1. Internet Explorer 11 for Windows 10: Confirm and delete the region of use

• Run Internet Explorer, click the Tools button, and select Internet Options.

• Go to the Personal Information tab, select Advanced in Settings, and block or allow cookies

2. Microsoft Edge

• Run Edge, click ‘…’ on the top right corner, and click Settings.

• Click ‘Personal Information, Search, and Services’ on the left side of the Settings page, and go to the ‘Tracking Prevention’ section to choose whether to use tracking prevention and set the prevention level.

• Choose whether to ‘Always Use “Strict” Tracking prevention when browsing In Private.’

• Go to the Personal Information section below to choose whether to ‘Send a ‘Do Not Track Request.’

3. Chrome

• Run Chrome, click the ‘⋮’ mark on the top right corner (Chrome Customization and Control), and set the Settings icon.

• Click ‘Show Advanced Settings’ at the bottom of the Settings page, go to the Personal Information section, and click Content Settings.

• In the Cookie section, check the box for ‘Block Other Companies’ Cookies and Website Data.’

4. Safari

• Run the Safari app for Mac, go to Settings, and click Personal Information Protection.

• Click Website Data Management

• Choose one or more websites and click Remove or Remove All.

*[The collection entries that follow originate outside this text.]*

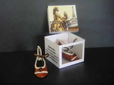 Chaussures à talons bobine. Décorations et galons anciens. Vendues avec leur boite.
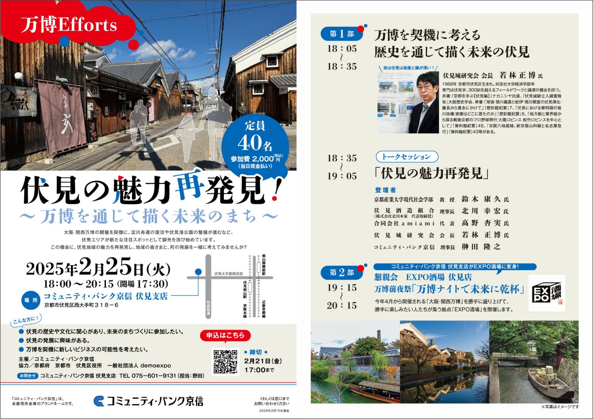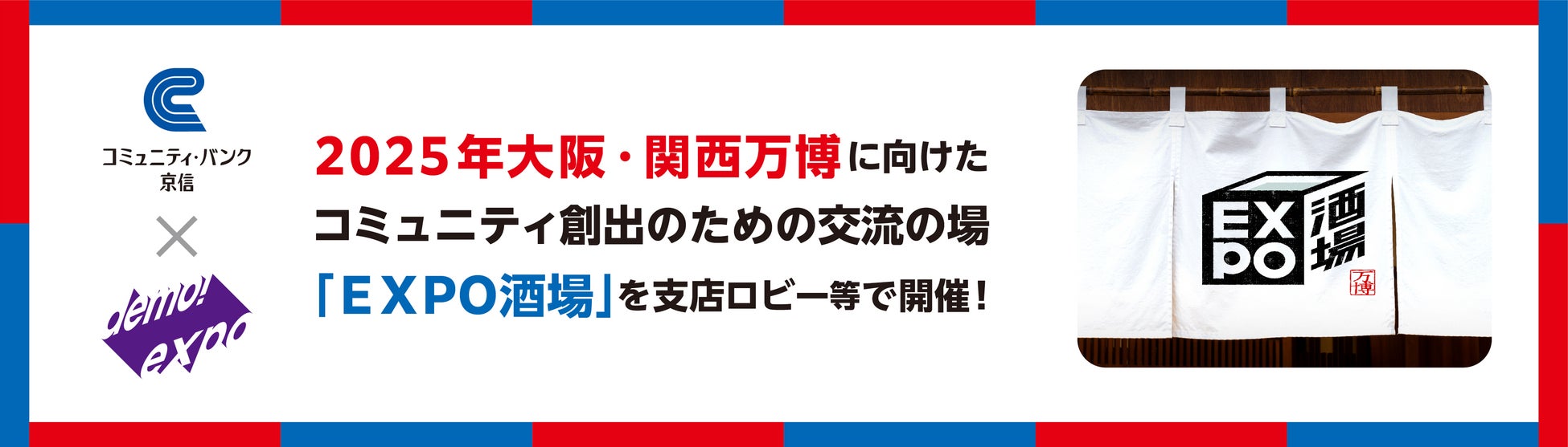 大阪・関西万博から生まれる価値を街に残し、まちごと万博をつくる活動を行っている、一般社団法人demoexpo(所在地:大阪府大阪市西区京町堀1-12-11 愛晃ビル4F/代表理事:花岡、以下demo!expo)は、コミュニティ・バンク京信(法人名:京都信用金庫、本店:京都市下京区、理事長:榊󠄀田 隆之)と共創し、京都府の多くの地域を対象に、「EXPO酒場」を開催します。万博の機運醸成を図るだけでなく、万博を契機に、京都の地域コミュニティの価値を高める活動を推進して参ります。
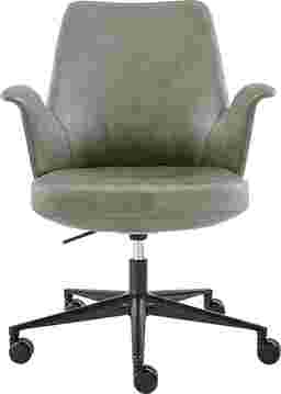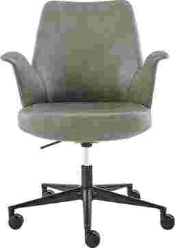 With its stunning flared arms as a key design element, the Coreking gray office chair exudes beauty and style. The distressed leatherette material is built to ensure durability and longevity. This chair combines functionality and stability. Customer assembly is required.
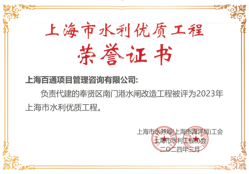 近日,我司收到上海市水務(wù)局(上海市海洋局)工會(huì)及上海市水利工程協(xié)會(huì)頒發(fā)的上海市水利優(yōu)質(zhì)工程榮譽(yù)證書,表彰我司代建的奉賢區(qū)南門港水閘改造工程被評(píng)為“2023年上海市水利優(yōu)質(zhì)工程”。
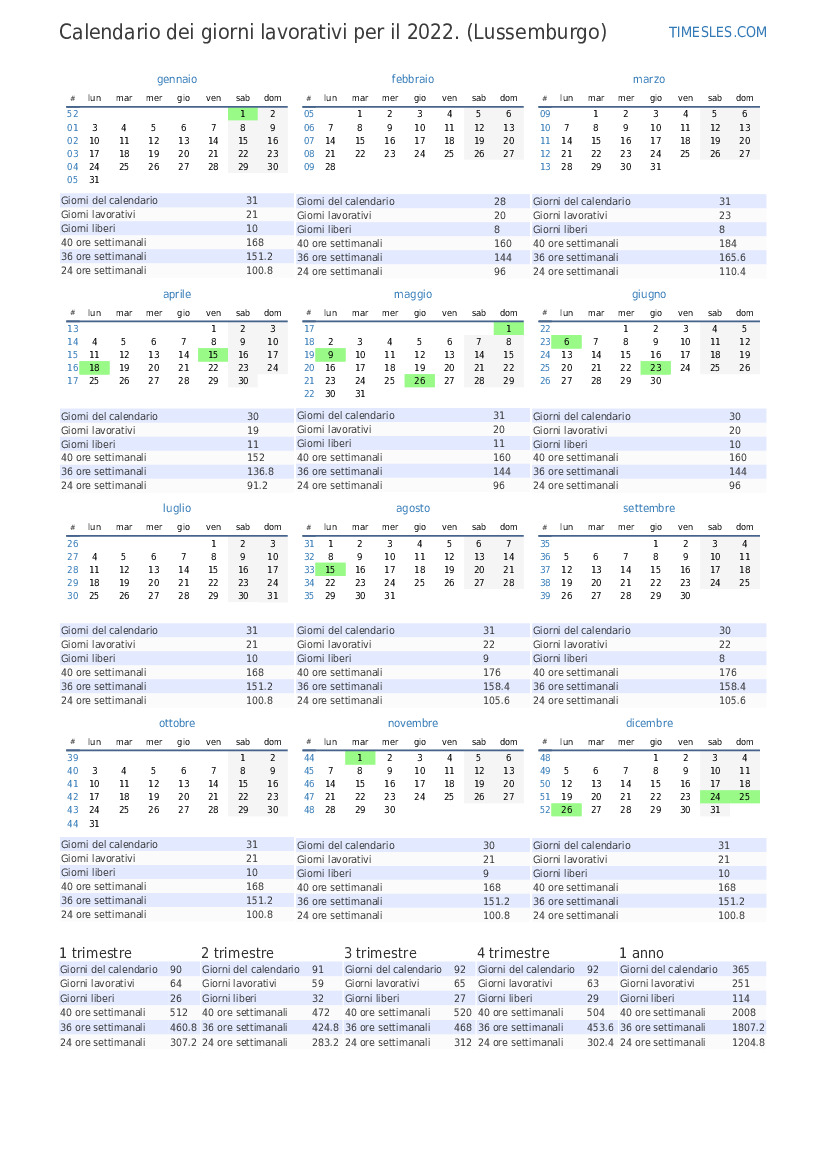 Giorni lavorativi per gennaio 2022 per il Lussemburgo
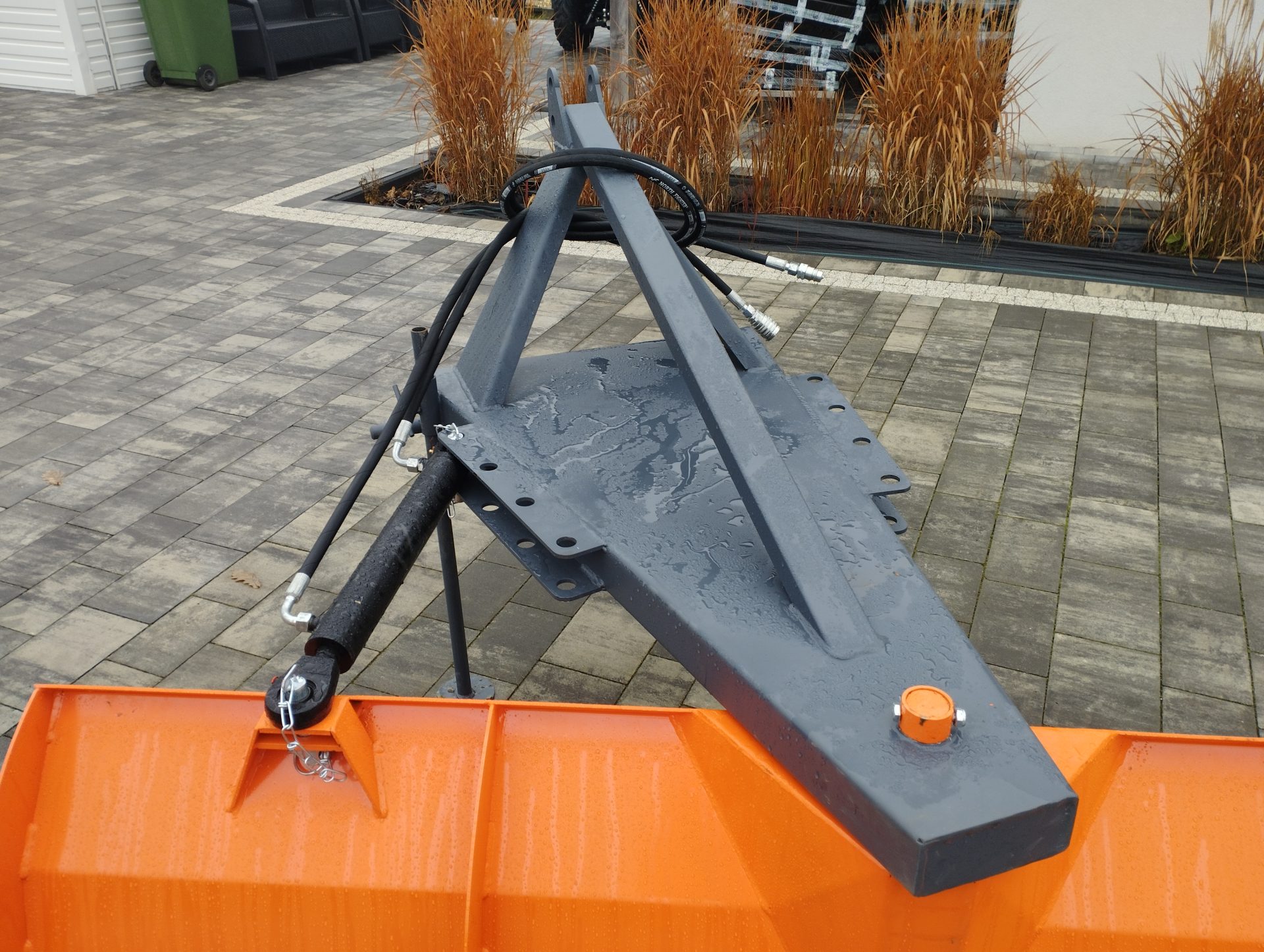 Pług śnieżny został zaprojektowany z myślą o trwałości i odporności na uszkodzenia mechaniczne. Wzmocniona rama zapewnia dużą wytrzymałość nawet w najbardziej wymagających warunkach, a dodatkowa stopka w zestawie umożliwia stabilne ustawienie pługa podczas postoju.

Article 8. Procedures and Methods of Destruction of Personal Information

In principle, once the Company has achieved the intended purpose of processing personal information, it shall delete said personal information without delay. This deletion shall be subject to the following procedures, schedule and methods:
1) Procedures for Deletion
Information entered by a user shall be transferred to a separate database (or a separate document if provided in hardcopy) once the intended purpose has been achieved, and stored for a certain period in accordance with internal policies and other related laws. Otherwise, it will be immediately deleted. At this time, the personal information transferred to the database shall not be used for any other purpose, except as required by law.
2) Methods for Deletion
Any information in the form of electronic files shall be deleted through a technical method that makes the records unrecoverable. Personal information printed in hard copy shall be shredded or incinerated.

Article 9. Measures to Ensure the Safety of Personal Information

The Company shall take all technical, administrative and physical measures necessary to ensure safety, as follows:
1) Administrative Measures
Establishment of, compliance with, inspection of, and education regarding information-security-related regulations and guidelines, and internal management plans, etc.
2) Technical Measures
Access authority management/verification of personal information processing system, etc., installation/operation of an access control system and security program, encryption of personal information, encryption transmission, etc.
3) Physical Measures
Establishment/operation of regulations on computer room access control, etc.